━━━ Records provided
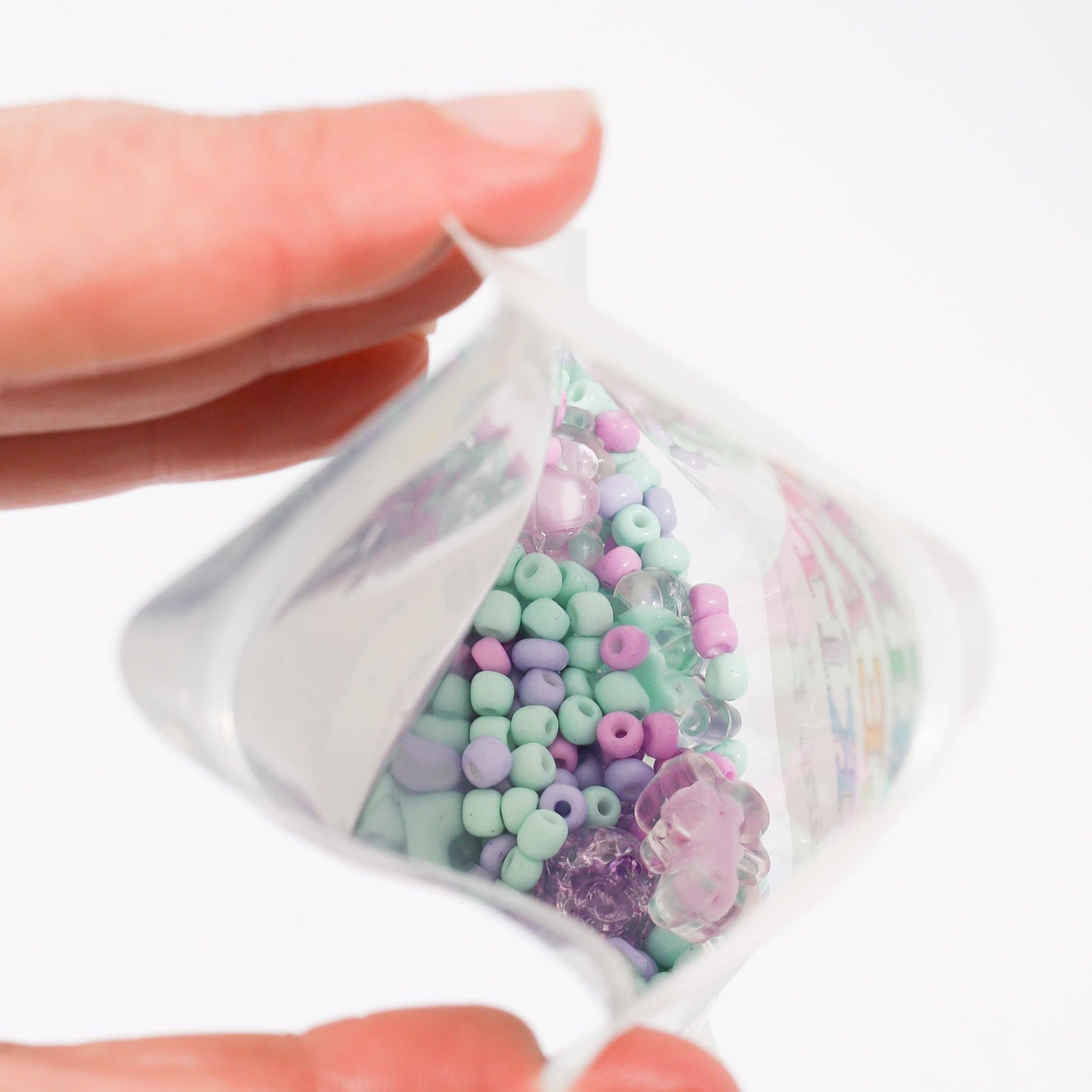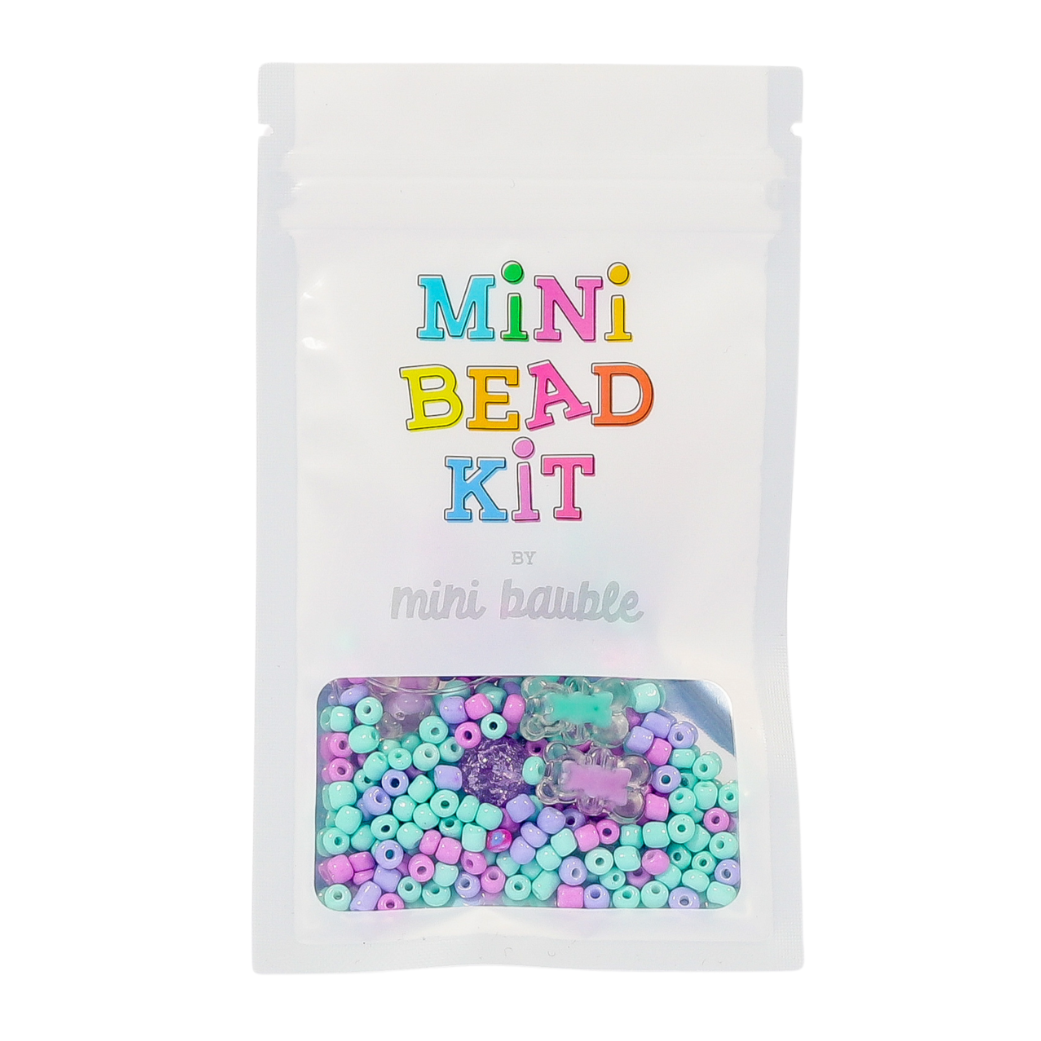 About Mini Bauble Bead Kits Mini Bauble Bead kits are individual-sized bead kits that make at least 1 necklace or 2 or more bracelets. Everything you need to make a jewelry piece is included in a resealable pouch. The uniqueness of Mini Bauble bead kits is in the bead selection that you'll find in the little pouch. Our team has hand-picked the kit designs - much like making baking a dessert - a little dash of this bead, and a sprinkle of that - which ends up being the most magnificent final product when done.
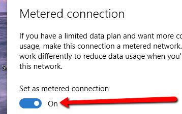 On the Properties page that opens, scroll down to the "Set as metered connection" setting and turn it on.
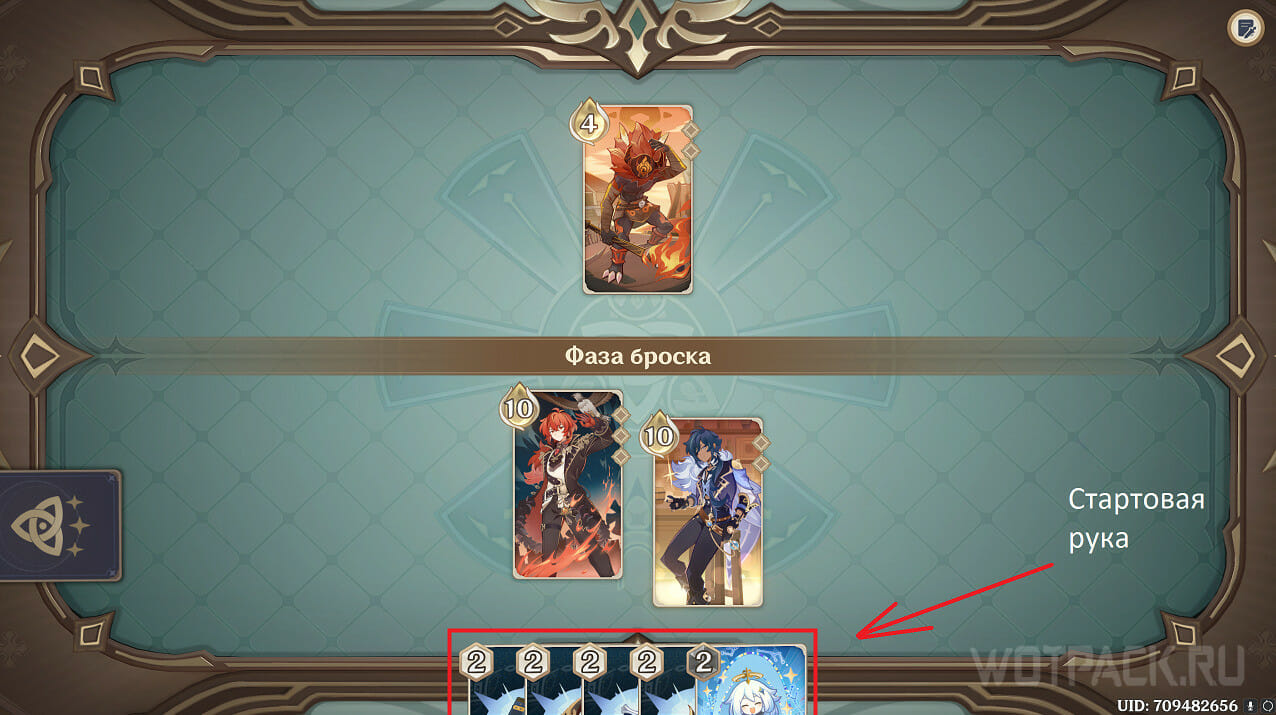 В начале каждой дуэли потребуется вытянуть из колоды 5 карт действий: из них формируется стартовая рука игрока. Чтобы просмотреть руку и раскрыть ее – нажмите на карты снизу: они поднимутся и сможете выбрать одну из них.
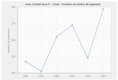 Historique du nombre de logements de Crissé de 1968 à 2007 :
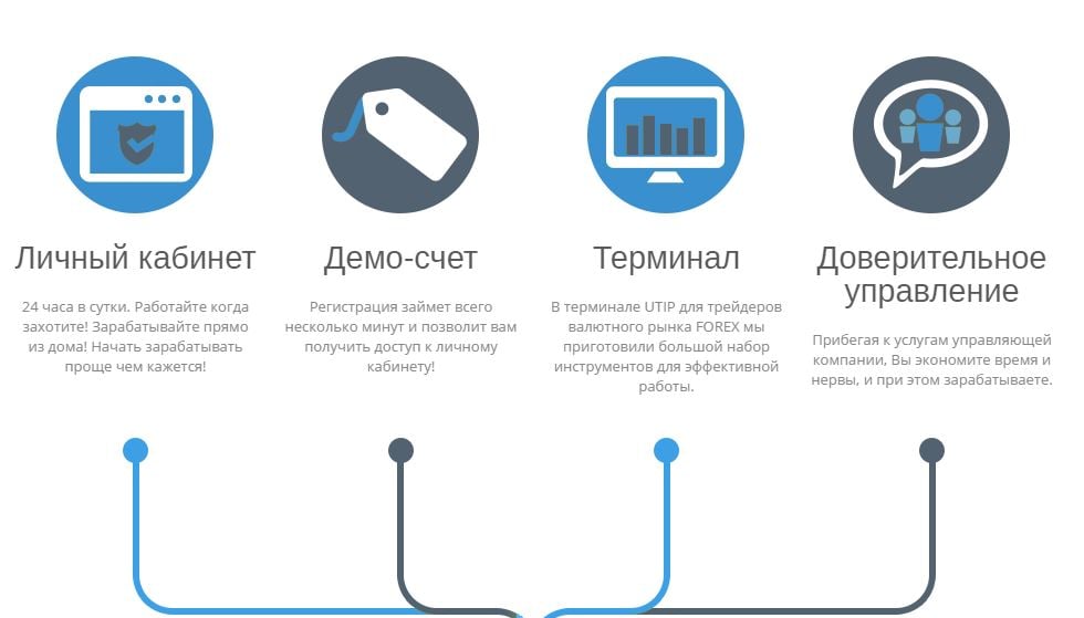 1. Компания разработала уникальный терминал отзывы Tradebifo UTIP, при помощи которого можно проводить анализ рынка и совершать торговые операции с целью получения дохода на разнице курсов валют. Платформа UTIP имеет два модуля - для торговли на рынке Forex и бинарными опционами. И с этим справится даже новичок, поскольку в терминале есть довольно широкий набор инструментов для успешной работы.
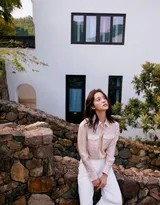 环境成为这组作品中不可或缺的“共演者”。斑驳的木门、素雅的砖墙、郁郁葱葱的庭院绿植,这些充满岁月感和生命力的元素,与欧阳娜娜自然的状态相得益彰。摄影师巧妙运用自然光线,让每一帧画面都弥漫着夏秋之交特有的柔和光感与透明空气,共同编织出一个让人心生向往的避世桃源。这种对自然与场景的极致利用,与她此前那些令人印象深刻的外景拍摄一脉相承。
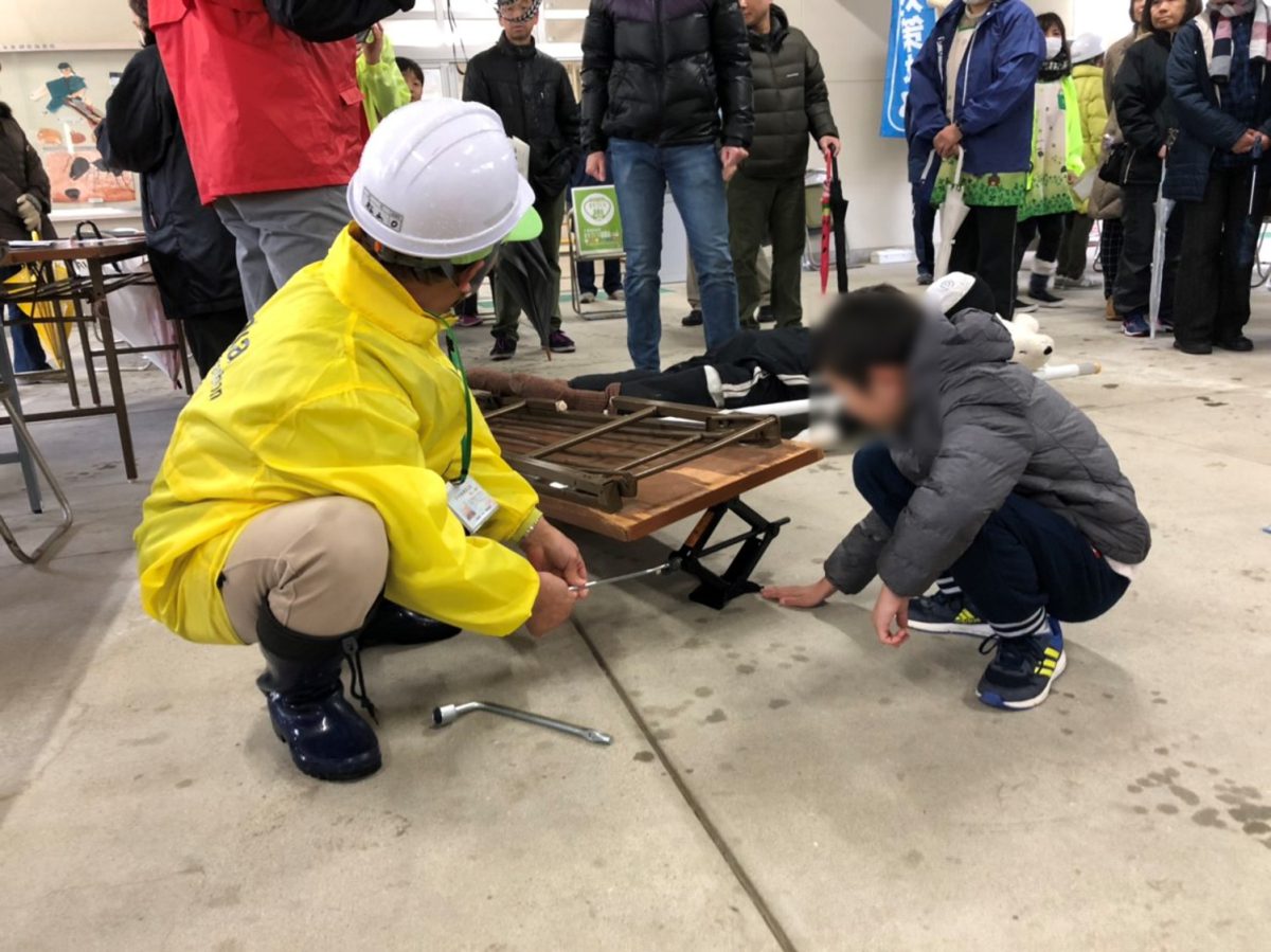 - 今年初めての取組として車のジャッキを使い救出する訓練を行いました。家具の下敷きになった人がいた場合に有効な救出する手段として、車に常備されているジャッキで救出が可能なので、その使用方法などを説明し、ダミーの人形を使ったデモンストレーションを行いました。非常に関心が高く、ジャッキの周りは人だかりとなりました。
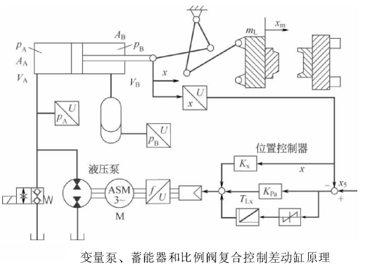 采用伺服泵或變速泵,不經(jīng)節(jié)流元件,直接控制差動液壓缸的運動,是液壓控制技術(shù)領(lǐng)域?qū)崿F(xiàn)節(jié)能、減小系統(tǒng)發(fā)熱的有效途徑之一,也是目前國內(nèi)外的研究熱點。發(fā)展優(yōu)化的回路原理,在滿足系統(tǒng)動靜態(tài)特性要求的同時,使能耗降低到最小,基于這一思想,針對注塑機(jī)中運動的特點,用單臺變量泵結(jié)合蓄能器和旁通比例閥復(fù)合控制差動缸運動的回路原理,不僅簡化了系統(tǒng),也使鎖模機(jī)構(gòu)每天工作循環(huán)的能耗由原18KW/S降低為11KW/S。
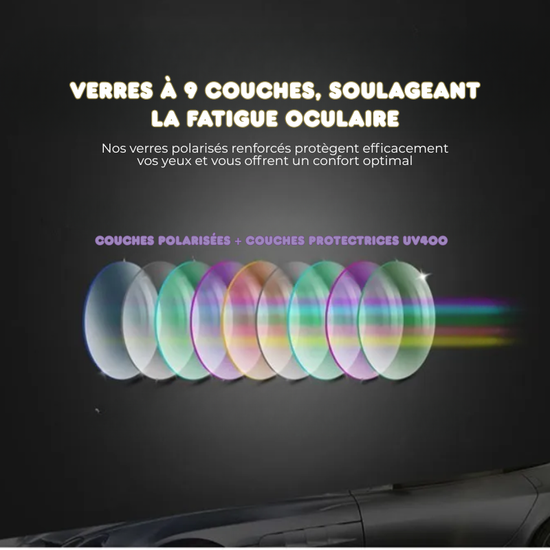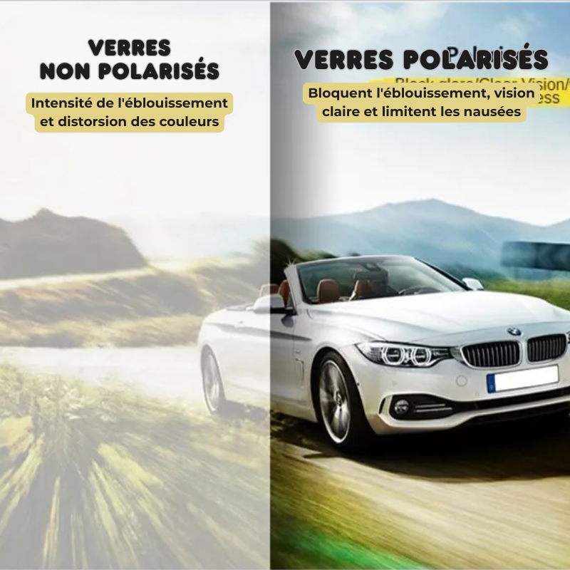 🧲 Verres polarisés pour bloquer les reflets sur l’eau, la neige ou la route
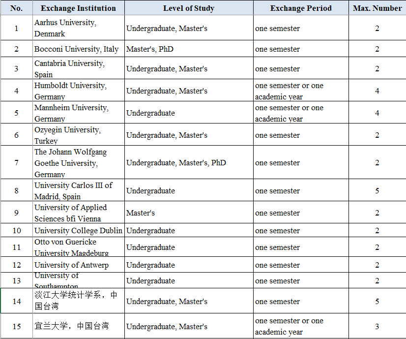 * Undergraduate applicants should have completed at least their first two years of studies at XMU before they enter the exchange program of the host university.
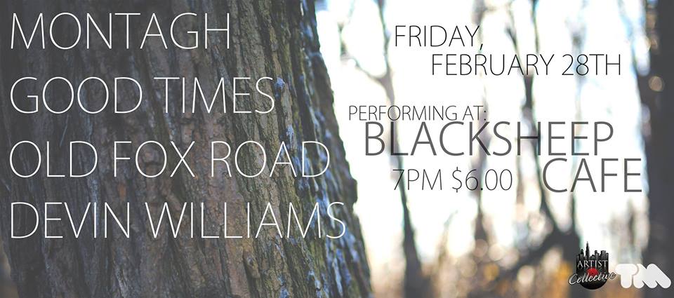 Welcome to Friday, we’ve got a show at Black Sheep tonight! Montagh will be playing, which is some fresh wheat midwest folk coming straight from the streets of Springfield. To continue the night we’ll have Good Times coming around again! The last time he played for us was way back in October so now is your chance to come hear these acoustic indie-movie lounge tunes. Also playing tonight will be our Santa loving friends in Old Fox Road. These fellas will definitely give us some down-home, feel-good, pop-folk songs to enjoy with some charismatic vocals to tie their whole set up, so come check them out if you didn’t get to catch them at the Radon Lounge a few months ago. To round off the evening will be Devin Williams! He’s from Florida and will have some cool reggae bluesy jams to give to us, so definitely check that out as well, holmes.
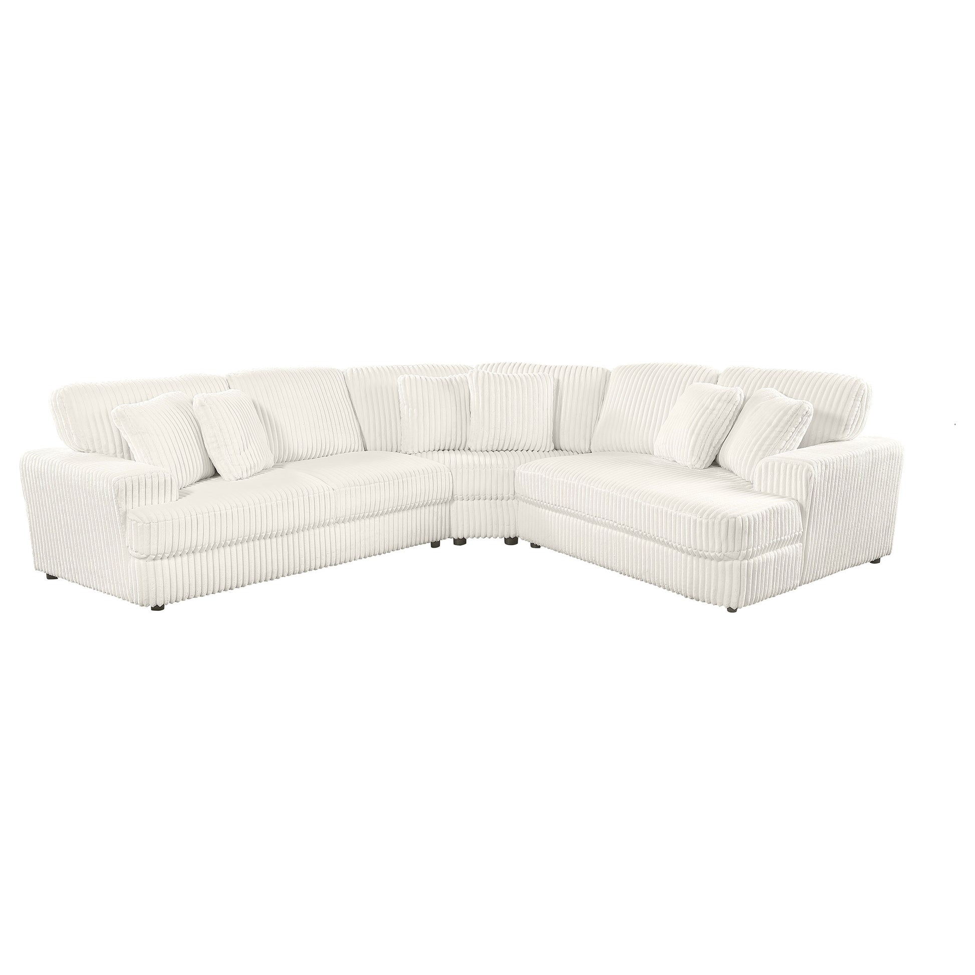 • Spacious three-piece sectional sofa in luxurious ivory wide corduroy upholstery
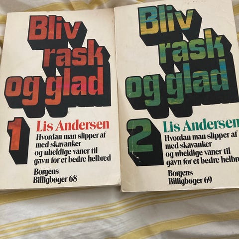 Lia Andersen Bliv rask og glad 1 og 2 er to bøger med orange omslag. Bøgerne indeholder information om helbred, velvære og livsstilsændringer. Teksten er på dansk, og bøgerne er velegnede til læsere, der ønsker at forstå metoder til at forbedre deres helbred og trivsel. 17.1
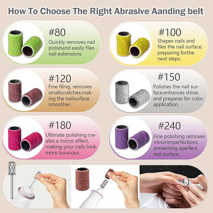 - 【Premium Quality & Support】Aleokut Professional Nail Drill Kit includes: 1* Electric Nail File, 10*Drill bits, 120*Sanding Bands, 1*Storage Bag, 1*Clear Dust Shield, 1*Nail Art Cleaning Brush, 1*USB-C Cable, 1* illustrated Manual. Backed by Aleokut's 12-month warranty + 30-day satisfaction guarantee. Our support team provides 24/7 troubleshooting for stress-free nail artistry.
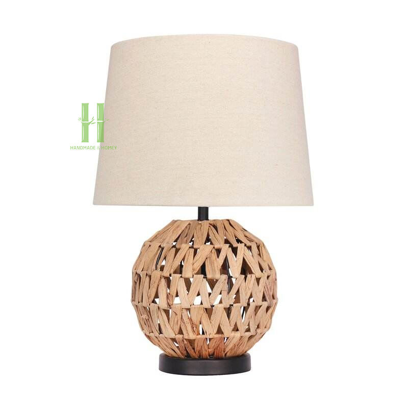 Lámparas de Mesa LED con Conectividad Tipo-C, Base de Bambú Hecha a Mano, Pantalla de Ratán, Control Táctil, AC/DC, Ecológicas, Modernas, para Dormitorio
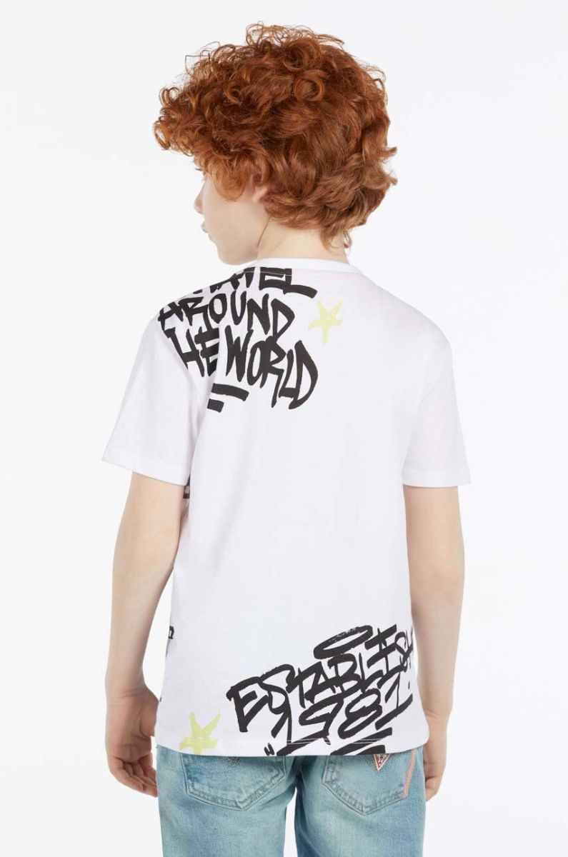 Дитяча бавовняна футболка Guess колір білий візерунок (2933928)
━━━━━━
-- Task item --
An exact copy of the lines above from the one with "采用伺服泵或變速泵,不經(j" up to and including the one with "the host university." is required; reproduce only those lines, omitting all pictures.

-- Response to this task --
 采用伺服泵或變速泵,不經(jīng)節(jié)流元件,直接控制差動液壓缸的運動,是液壓控制技術(shù)領(lǐng)域?qū)崿F(xiàn)節(jié)能、減小系統(tǒng)發(fā)熱的有效途徑之一,也是目前國內(nèi)外的研究熱點。發(fā)展優(yōu)化的回路原理,在滿足系統(tǒng)動靜態(tài)特性要求的同時,使能耗降低到最小,基于這一思想,針對注塑機(jī)中運動的特點,用單臺變量泵結(jié)合蓄能器和旁通比例閥復(fù)合控制差動缸運動的回路原理,不僅簡化了系統(tǒng),也使鎖模機(jī)構(gòu)每天工作循環(huán)的能耗由原18KW/S降低為11KW/S。
 🧲 Verres polarisés pour bloquer les reflets sur l’eau, la neige ou la route
 * Undergraduate applicants should have completed at least their first two years of studies at XMU before they enter the exchange program of the host university.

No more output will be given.